Aids focus on white gay men 1980s
Right away, people in GMHC got more and more pissed because the organization was unwilling to take political stands. But for a lot of that period, from the mids to the early s, that is what gay men were doing. Most lesbians were not involved with gay men in activism and were basically either in the antirape or antiviolence movement or lesbian-feminist groups, forming their own organizations and doing political work.
Basically they became part of the Democratic Party organization, whether formally or informally, and attempted to orchestrate passage of bills behind the scenes. They showed up on the steps of City Council, almost spontaneously I would say, and started chanting when David Summers, who was there to testify and who was a person with AIDS, was arrested when he tried to testify.
At approximately the same time as the start of the HIV/AIDS epidemic, LGBTQ+ civil rights groups and religious organizations faced backlash from "Moral Majority" leaders like Anita Bryant and Rev. Jerry Falwell. It was a very hierarchical organization. By "orchestrated," I mean they negotiated with the cops, they basically told you when to show up, when to go home, and there was absolutely no input from anybody into what was going to be done.
In the early s, AIDS was initially perceived as a ' white gay disease,' affecting primarily white gay and bisexual men. The first meeting that I went to was the marshaling committee and basically told all of the men sitting there that they did not have to worry and that they had talked to the cops already, and they were doing an action against the New York Post because of its homophobic coverage of AIDS.

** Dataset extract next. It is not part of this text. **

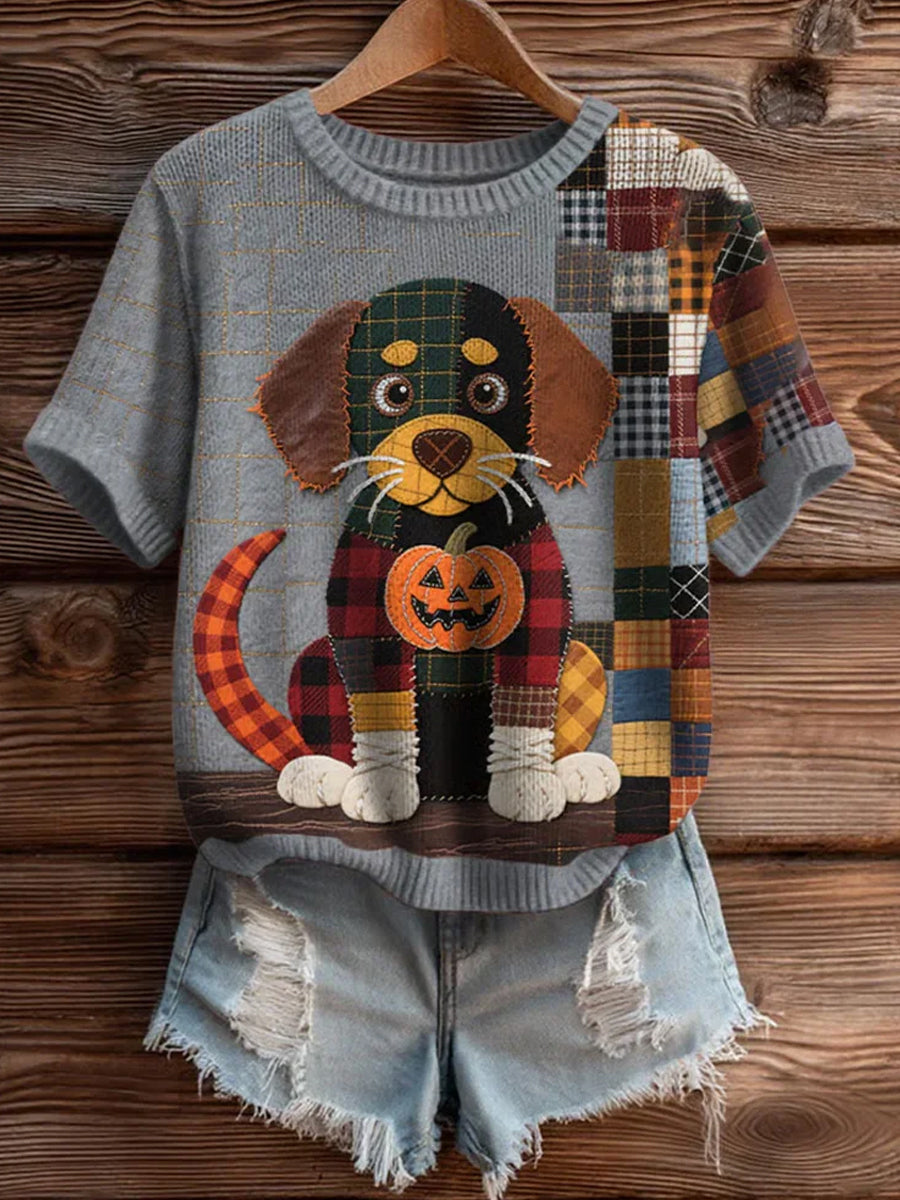 Жените артистични животински печат удобен плетене с къс ръкав отгоре

There was already a board. While those organizations and networks were totally reformist, if political at all, they enabled the Gay Men's Health Crisis GMHC to form in the early s. As usual, that's not true. They already had an idea about what they were doing. It was pretty tame, as far as I was concerned, and very much in the image of earlier kinds of generally progressive organizations.

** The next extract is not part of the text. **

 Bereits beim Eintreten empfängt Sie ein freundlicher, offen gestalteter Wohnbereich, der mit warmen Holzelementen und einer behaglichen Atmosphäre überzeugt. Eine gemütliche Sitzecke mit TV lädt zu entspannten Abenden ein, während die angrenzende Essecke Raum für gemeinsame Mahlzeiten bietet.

In the s, gay men were ravaged by AIDS, with the disease quickly spreading to other minority groups across the globe. But in New York City, in and , there were demonstrations against the raids on black and latino transvestite bars and against the viciously homophobic film, Cruising.
Consider making a donation , getting some merchandise or come to a Monday Meeting. It was basically said that the marshals were a kind of barrier between the police and the protesters, which is certainly not my idea of how to marshal ; and the idea of wanting to get a permit from the cops to demonstrate GLAAD soon formed and immediately became a bone of contention because it started doing these very orchestrated demonstrations.
Part of it was that they were looking for money and government funding, and so, as it happens in those kinds of formalized institutions, GMHC became less and less political. The horror of the disease brought with it a fiercer, angrier, more. People nearly rioted outside, shouting, "We won't go until you let him go.
At the same time, in the gay male mainstream, "the community," certain professional, business, and religious groups formed. During the early s, AIDS became an ever-growing concern in the minds of Americans, and brought to the fore the deep-seated tensions and homophobic tendencies that plagued the nation’s media and political institutes.
But this work was not necessarily focused on lesbians and gay men and rather much more on women, generically defined. That's a discontinuous history. Laraine Sommella : Before we talk about tactics for taking and remaking of public space, I would like to ask you about the activism that lead up to ACT UP New York and what other groups were involved in direct action that perhaps you were involved in or knew about?
I went with a lesbian friend, and we were in this room with about three hundred gay men and four lesbians, and we were sitting next to these two guys and one turned to the other and said, "Wow, this is the first thing that's happened in fifteen years. They called a community meeting and I went to it.
The board of directors made the decisions. This perception overshadowed the needs of ethnic minorities, leading to a lack of outreach and early treatment options for them. There was a new basis to get money, to know where people were, to create an infrastructure.
The police were so crazed. But the PWA Coalition formed in in Denver with principles that focused on empowerment, which really came out of the feminist health movement. For more up-to-date information, visit our current website. That was not there before. In New York City, there was a huge uproar over the closing of the bathhouses and many people went to hearings at the City Council.
They did not want to alienate the people who are going to give them money.